I know that the tutorials section is really good with stuff to do with dreaming and sleeping and LDing, I was just wondering, for the people who run the site, what would be allowed to be a topic for a tutorial (areas would be fine).  I just don't want to write one and then have it not be accepted or  even get me banned...  That wouldn't be good...  And for everyone out there, what do you peeps think would be a good topic for some tutorials that we haven't covered?

----------


## dudesuperior

I should think that anything to do with dreaming would be a topic for the tutorials. I don't think there's a high chance of you getting banned for posting a tutorial (In the education section first), as long as it doesn't have anything rude or profoundly stupid.





> _Originally posted by WolfBlade_
> * for the people who run the site*



Oops!

----------


## wasup

You wouldn't get banned...why would you get banned?  

And um... suggest a topic.

----------


## Howie

> _Originally posted by ataraxis_
> *You wouldn't get banned...why would you get banned? *
> 
> And um... suggest a topic.*



This is a Forum to try and educate and enjoy some camaraderie! 
What must you think of the staff?   ::?:  

And Yes, Suggest one.
The ones I wrote I was animate about. I did not write them for the sake of writing one. So unless you feel you have a considerable amount of knowledge and respect about the subject you are writing about, then you may want to consider why you wish to write one.
Perhaps you just want to help. That is terrific.
There are many ways to do that.   :smiley:

----------


## Burns

I didn't see a tutorial for dreamsigns.

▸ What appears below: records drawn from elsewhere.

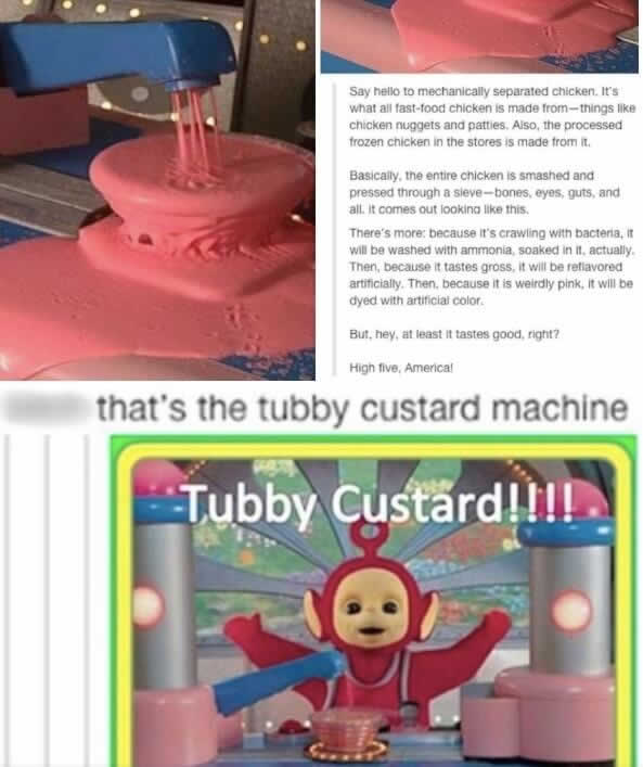 A postagem viralizou e causou muita repulsa até que alguém apontou a verdade. A imagem não era de comida; era uma foto dos bastidores da máquina de “Creme Tubby” do programa infantil Teletubbies.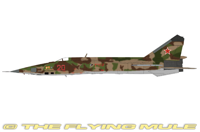 The 47th Guards Reconnaissance Aviation Regiment (47th GRAP), stationed at Shatalovo Air Base, operated the Mikoyan-Gurevich MiG-25RBF during the late Cold War. This specialized reconnaissance variant of the legendary Foxbat was equipped with advanced radar, cameras, and electronic intelligence gear, capable of Mach 2.8 high-altitude missions. From Shatalovo, near the western Soviet frontier, the regiment monitored NATO activities across Europe, conducting strategic reconnaissance flights that provided critical intelligence on air defense networks, troop movements, and infrastructure. The Guards designation highlighted the unit's distinguished heritage, while the MiG-25RBF gave it unmatched speed and altitude performance for penetrating hostile airspace. Designed as a high-speed, high-altitude interceptor to counter the threat posed by the US XB-70 Valkyrie bomber, the MiG-25 was first flown on September 9th, 1964. The airframe was designed around a pair of massive Tumansky R-15(B) turbojet engines, capable of propelling it to a top speed of around Mach 3. The Foxbat is one of the fastest production aircraft to enter service. In addition to the interceptor variants, numerous reconnaisance variants were also produced. The MiG-25 has seen service with several air forces besides Russia including those of Iraq, Egypt, Libya and Syria. © Copyright 2003-2025 The Flying Mule, Inc. The Hobby Master "1:72 Air Power Series" range presents detailed, ready-made diecast models of military aircraft. Hobby Master "1:72 Air Power Series" diecast airplanes feature: - Diecast metal construction with some plastic components.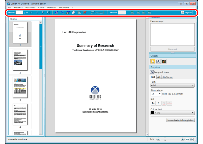 Consente di eseguire operazioni quali il passaggio tra le pagine visualizzate, la modifica di documenti e il passaggio tra i record visualizzati sulla barra degli strumenti.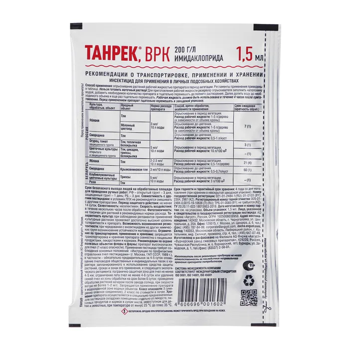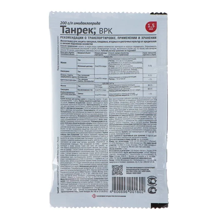 системно воздействует на колорадского жука (уничтожает насекомых, как при непосредственном контакте, так и при поедании насекомым обработанного растения);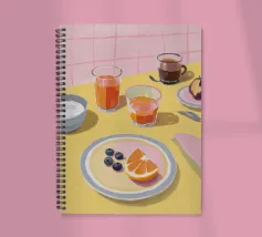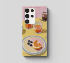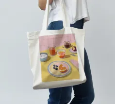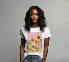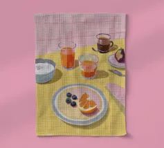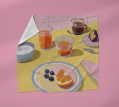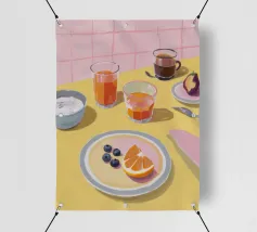 Uova, pane tostato, frutta e marmellata giacciono pacificamente su piatti di lavanda in una scena mattutina da sogno.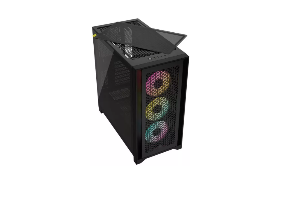 Carcasa Corsair iCUE 4000D RGB Airflow Mid Tower ATX, 3 ventilatoare incluse 120mm, 2x 3.5″ drive bays, 2x 2.5″ drive bays, dimensiune 466x453x230mm, negru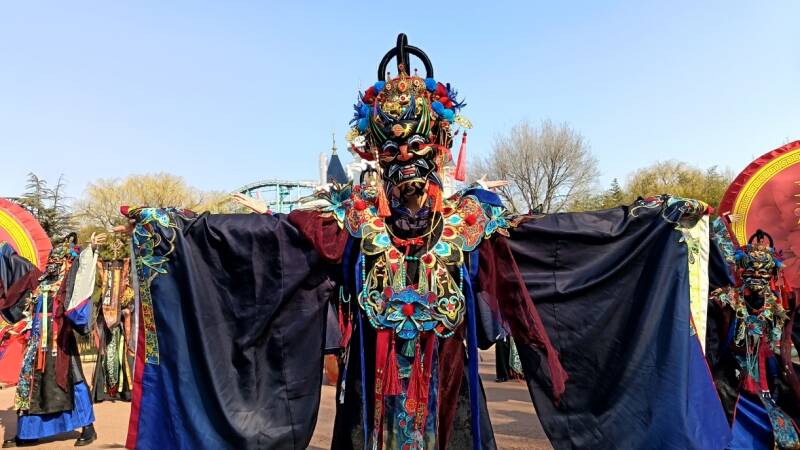 今年春节,富华游乐园最大的亮点莫过于传统文化的注入,正月初一至初六,园区首次引入了千年非遗傩舞。舞者身着古朴华服、头戴特色面具,伴着铿锵的锣鼓声雄浑起舞,腾跃灵动。这一古老而神秘的祈福仪式,既承载着驱瘟避疫、祈福纳祥的美好祝愿,又尽显传统民俗的独特魅力,吸引了里三层外三层的游客驻足观赏,掌声不断。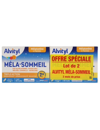 De la mélatonine, une hormone qui participe au processus d’endormissement permettant ainsi de réduire le temps d’endormissement*De la passiflore, une plante qui aide à une relaxation optimale, notamment en cas de stress et qui contribue à un sommeil de qualitéDe la mélisse, une plante d’Europe centrale et méridionaleDe la camomille-matricaire, une plante herbacée dont les fleurs ressemblent aux marguerites, utilisée depuis l’AntiquitéAlvityl® Méla-Sommeil est composé à 99% d’ingrédients d’origine végétale.
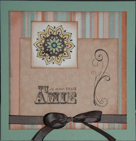 J’avais fait une autre carte avec le set de tampons « Amitié sincère » que j’ai offert à mon amie Valérie mais j’ai supprimé la photo par erreur alors je ne peux pas vous la montrer. J’avais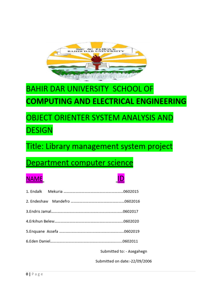BAHIR DAR UNIVERSITY SCHOOL OF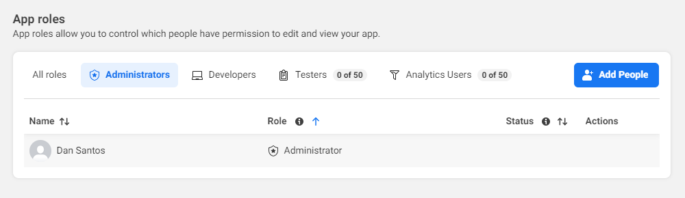 Open the Facebook Roles page by navigating to App Roles > Roles.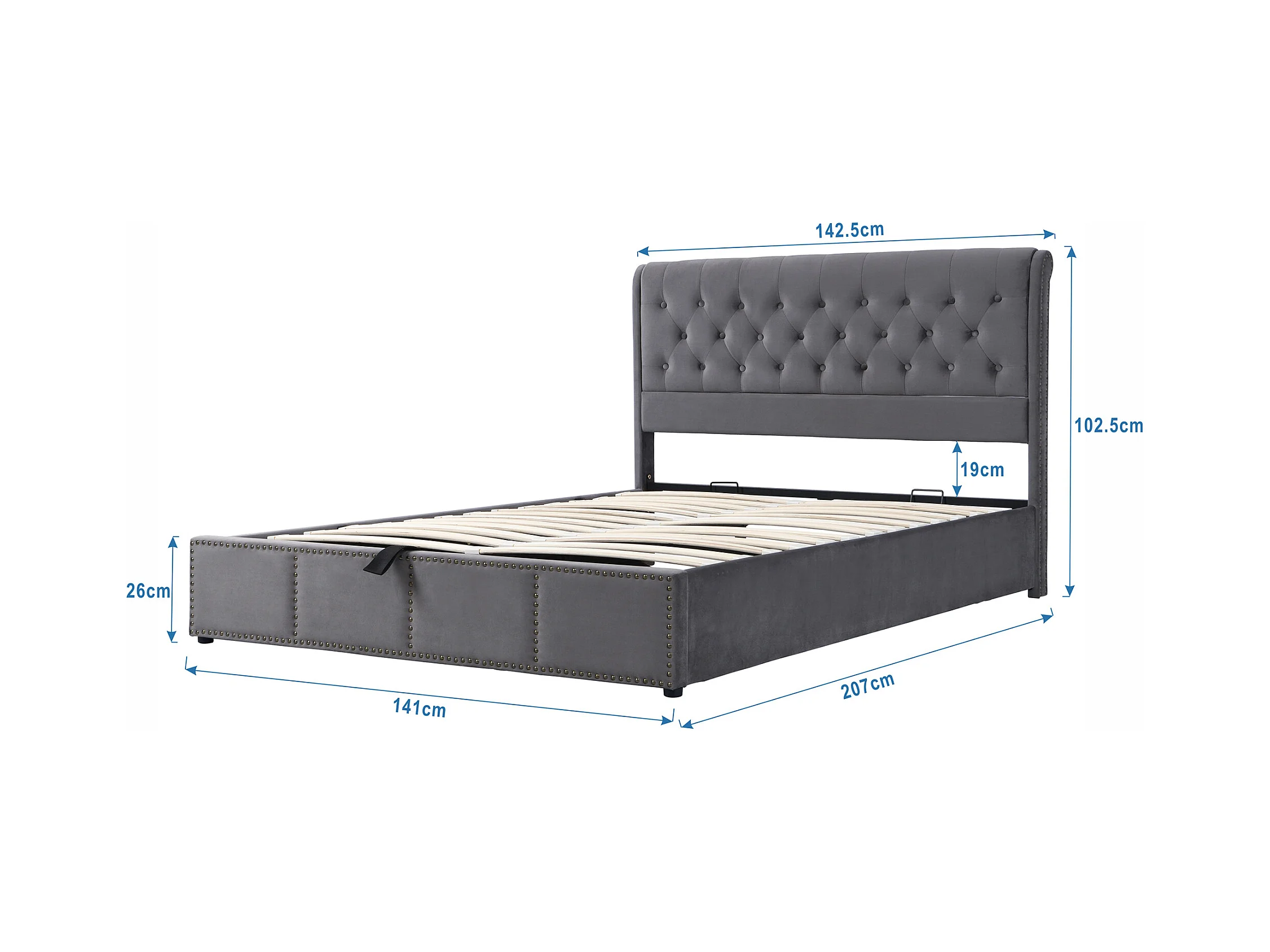 Letto in velluto con ali, bottoni decorativi, idraulico con contenitore, 140x200 cm, grigio (207x146x99 cm)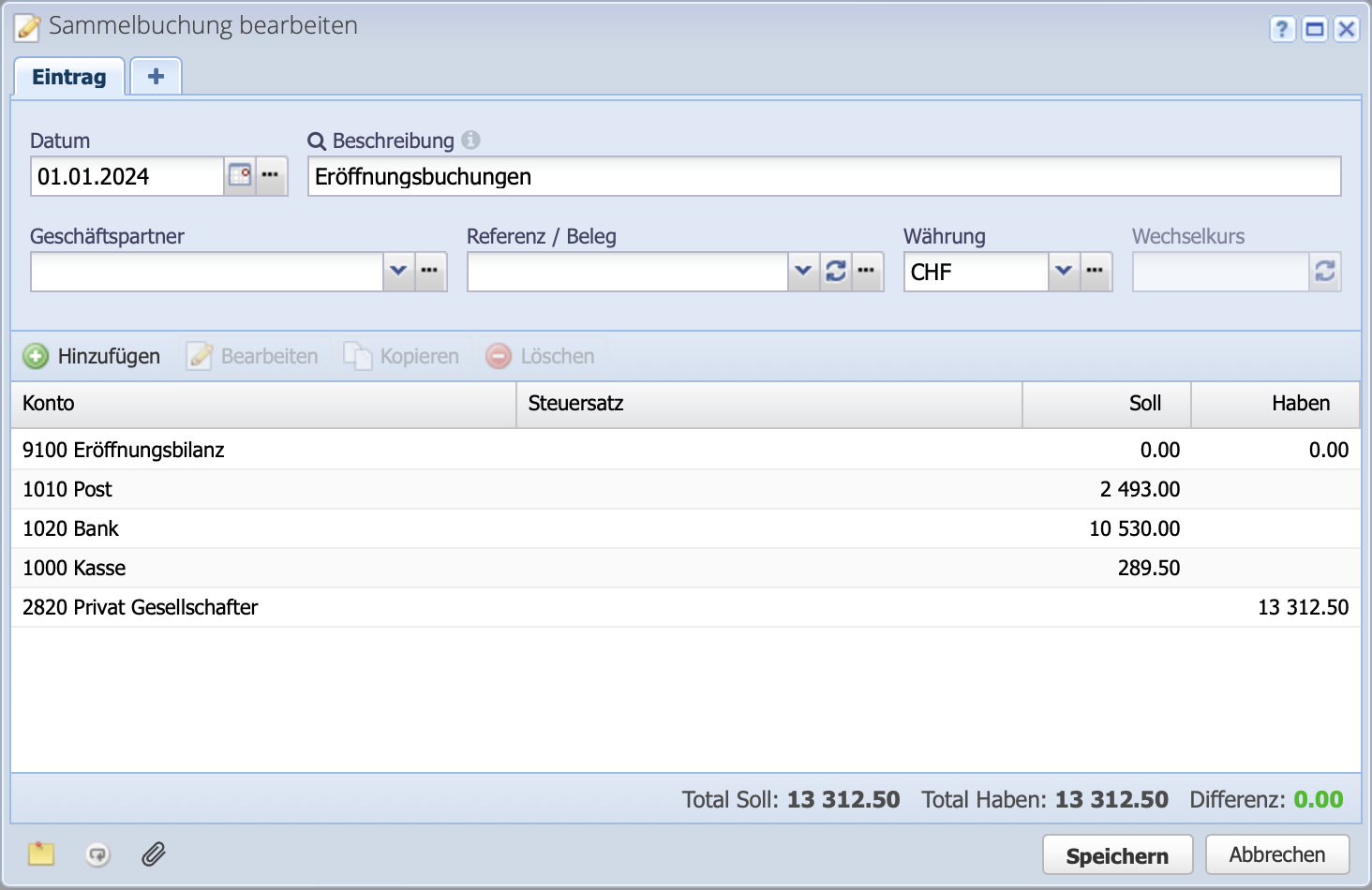 The opening entries are a predefined collective entry to 9100 Opening Balance. At the bottom, the total debit and the total credit and their difference are shown. Only when debit and credit are balanced, i.e. the difference is 0.00, it is possible to save.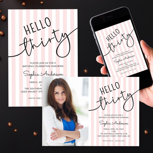 Hello Thirty Modern Script Chic Stripes BirthdayDesignt von Linda Terwee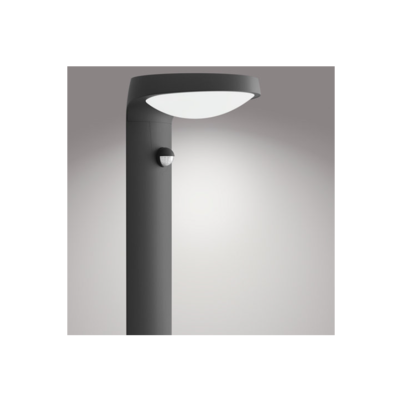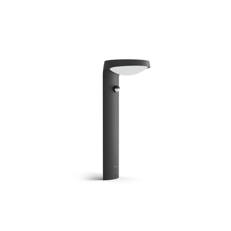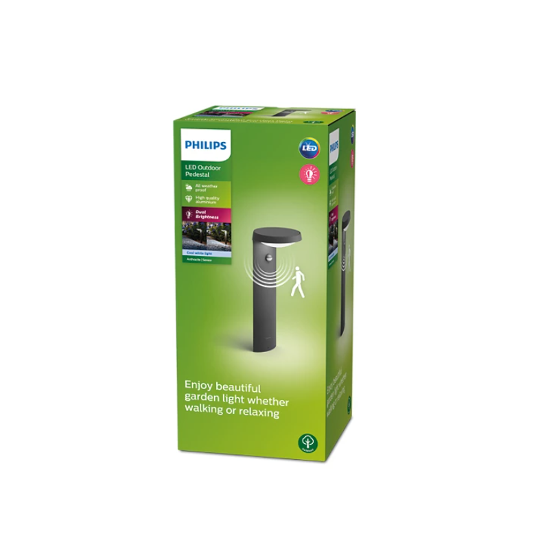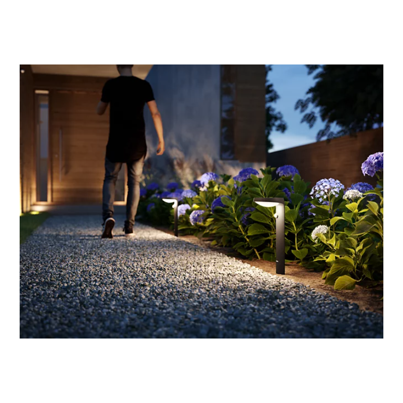 Lampa zewnętrzna LED Philips Tyla o kształcie słupka z ramkami w kolorze antracytowej szarości i w trwałej obudowie z odlewanego aluminium zapewnia przytulne światło. Tworzy atrakcyjny nastrój za pomocą chłodnego światła białego w stanie bezczynności i automatycznie rozjaśnia się, gdy w pobliżu znajdują się ludzie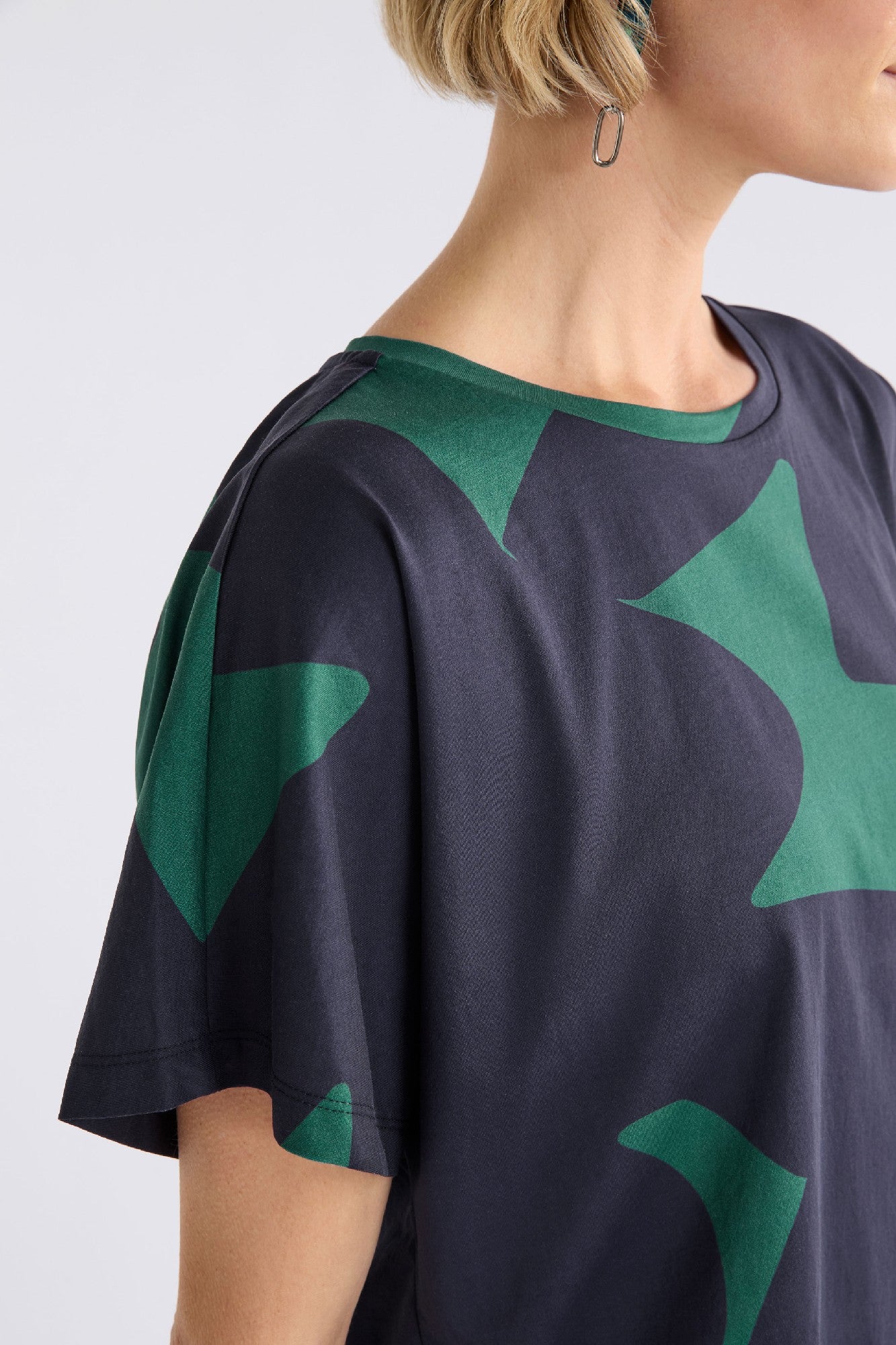 Fresh and contemporary, the ELK Tee Haki – Teal Terra is a relaxed short-sleeve top featuring ELK’s bold abstract teal-on-navy print. Crafted from breathable organic cotton, it’s designed with an easy fit that drapes softly through the body. The boxy silhouette and soft fabrication make this tee an elevated everyday essential that works across seasons.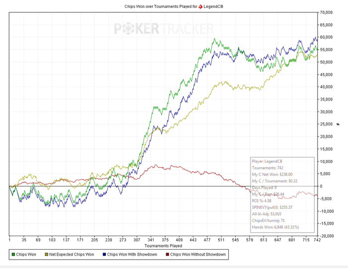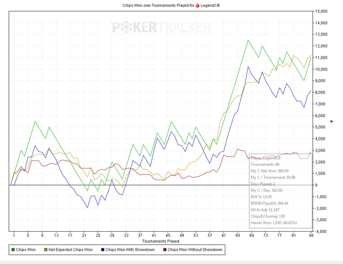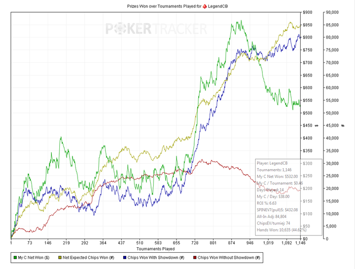 Из за этого чип ев упало с 82 до 71 очень зажался. Стал меньше блефовать из за этого красная пошла по плавать на дно. Но обещаю себе что за выходные приду в форму и в понедельник поставлю всё на свои места, ведь до 15-ек осталось менее 400 турниров.

I can't remember, is that topic covered in detail within one of the other tutorials? 

I get a lot of questions about dreamsigns (and what they are and how you utilize them), so I was thinking a good tutorial would be nice to point people to.

----------


## Amethyst Star

I actually thought about looking into a tutorial for how to stop lucid dreaming.  Occasionally a natural will come here who's been LDing all their life and they just want to have a normal, uncontrolled dream.  It may sound wierd to some people but if it can help some people I think it'd be legitimate.

I think a good thing to do would be to compile links to a number of posts on a related topic here.  I'd say about 1/3 of the work is just getting all the information in one place.  Then someone who has more time may be more likely to rifle through those posts and compile something.

----------